4. Planning ahead with people power

  • Train your volunteers for the event.
  • Make sure that volunteers are easily identified, and use name tags and/or other identifiers.
  • Book a sign language interpreter or computerized notetaker / real time captioning if it has been requested (or if you plan to advertise your event as accessible to deaf, deafened and hard of hearing people). Please book at least 2 - 3 weeks, or more, in advance. Provide interpreters and notetakers with agendas and presentation outlines in advance of the event. At they event, make sure they are identifiable. On booking interpreters, see Section 6.
  • Computerized notetaking / real time captioning are often used by people who are deaf, deafened or hard of hearing. A typist turns orally-presented material into typewritten form. The user may sit beside the transcriber and read the typed text, or the typed text may be transmitted to a television monitor or large screen for viewing by several individuals. Again, make sure notetakers are identifiable. See Section 6 for info on booking.
  • If your event is in the evening, and is for students, have you considered that many of our students may have childcare responsibilities that could prevent them from attending the event? You may need to arrange for child-minders and an activity room. See Section 6.
  • If food is provided, make sure the total count includes interpreters, notetakers, attendants and child-minders.
  • Encourage participants to refrain from using strong scents.

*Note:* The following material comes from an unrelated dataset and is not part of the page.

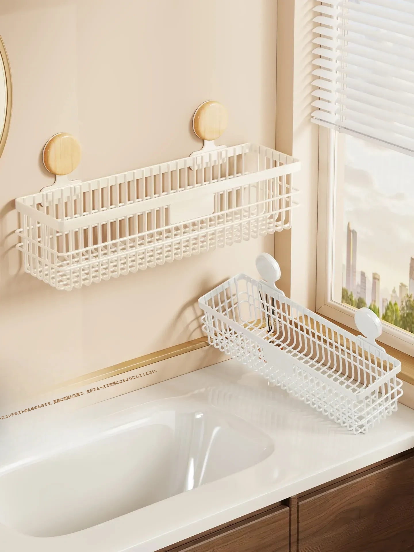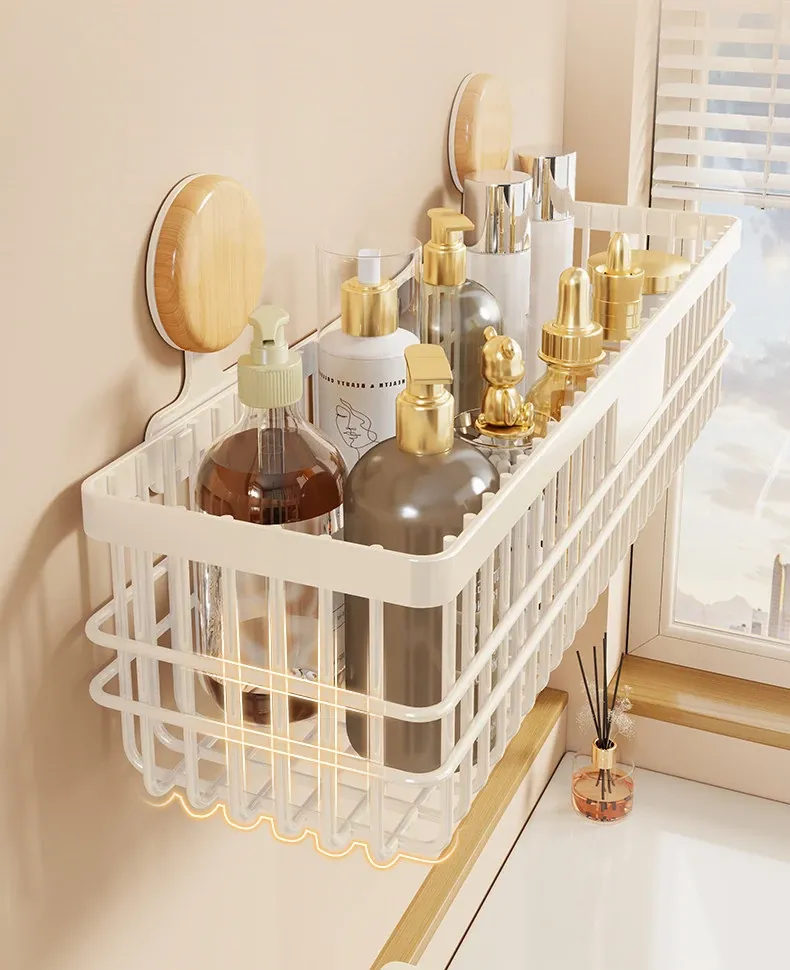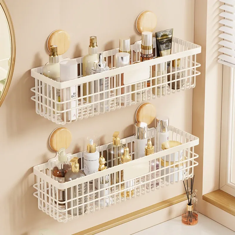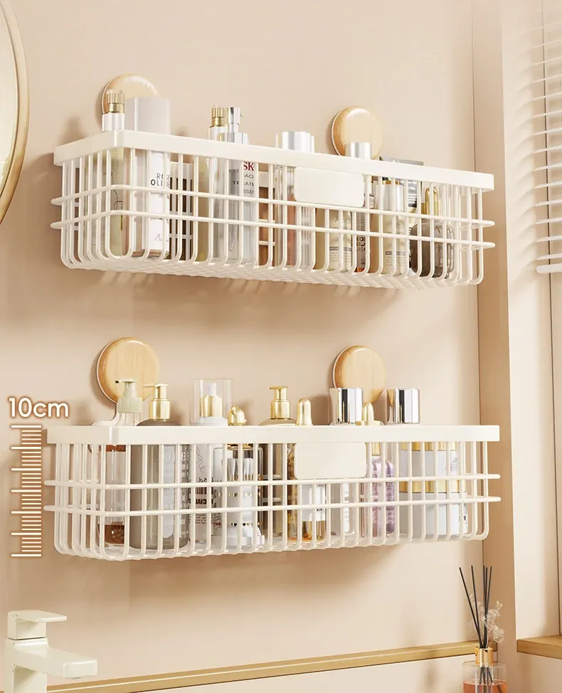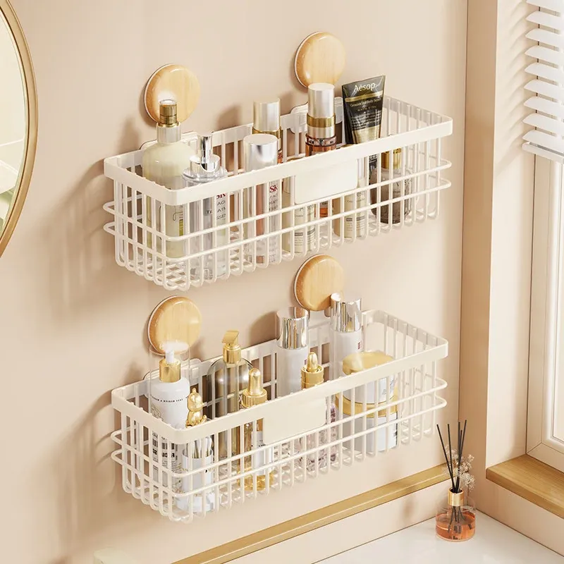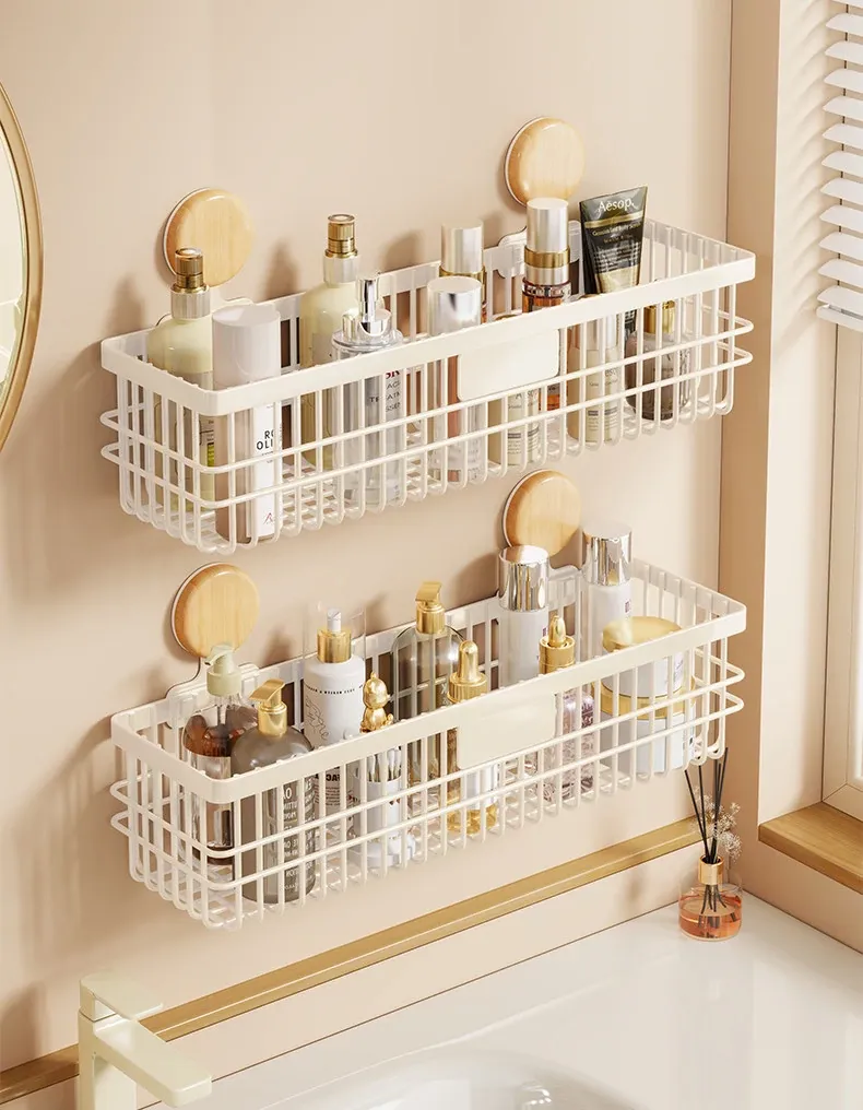 バスルーム壁掛け収納ラック - おしゃれで便利なトイレ用無傷取り付け収納!洗面用品をスマートに整理整頓し、スッキリした空間を実現します。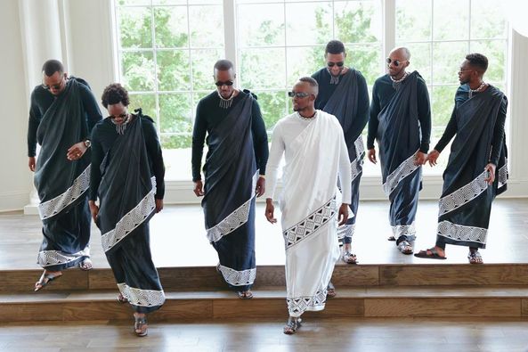 Ubu bukwe bwabereye muri Amerika, gusa imyambaro bambaye yakorewe mu Rwanda ikozwe na Isha Collection yanambitse Platini mu bukwe bwabaye muri Werurwe 2021.

5. Suggestions for Effective Presentations

  • Remind presenters to end meetings or presentations on schedule (people making parallel transit arrangements often have very little flexibility).
  • Have you thought to produce materials in large print (16-point type or larger), or other alternative formats such as tape, Braille or disk if requested?
  • It is always good to have a few print copies on hand. Encourage and support presenters to offer copies of their material in different formats before their presentation starts.
  • For presenters, lectern heights and audio visual controls need to be adjustable to meet the needs of different speakers.
  • During the session, presenters should verbally describe contents of videos, or any written materials, including overheads or chalkboard notes.
  • Encourage presenters to use captioned videos.
  • Organizers or presenters should check with the audience about the need for breaks.

6. Budgeting for your event

How do I book a sign language interpreter and computerized notetaker / real time captioner? Or how do I provide an Assistive Listening Device?
  • Contact your local Deaf and Hard of Hearing Services for more information.
  • Interpreters and Computerized Notetakers cost approximately $40.00/hour, and if the event is over 2 hours, 2 interpreters and 2 computerized notetakers are required.
How do I find out where the closest TTY phone is located?
  • Public TTY pay phones are fairly rare across most campuses. Locate the one closest to your event.
How do I get materials produced in Brailled format?
  • Contact the Disability Services department on your campus.
  • Or contact the local Canadian National Institute for the Blind office. The CNIB may charge a small fee.

7. Evaluating your event

Make sure you:
  • Distribute written evaluations that include a section for participants to comment on the accessibility of the event. This can provide everyone with an opportunity to learn about making events accessible.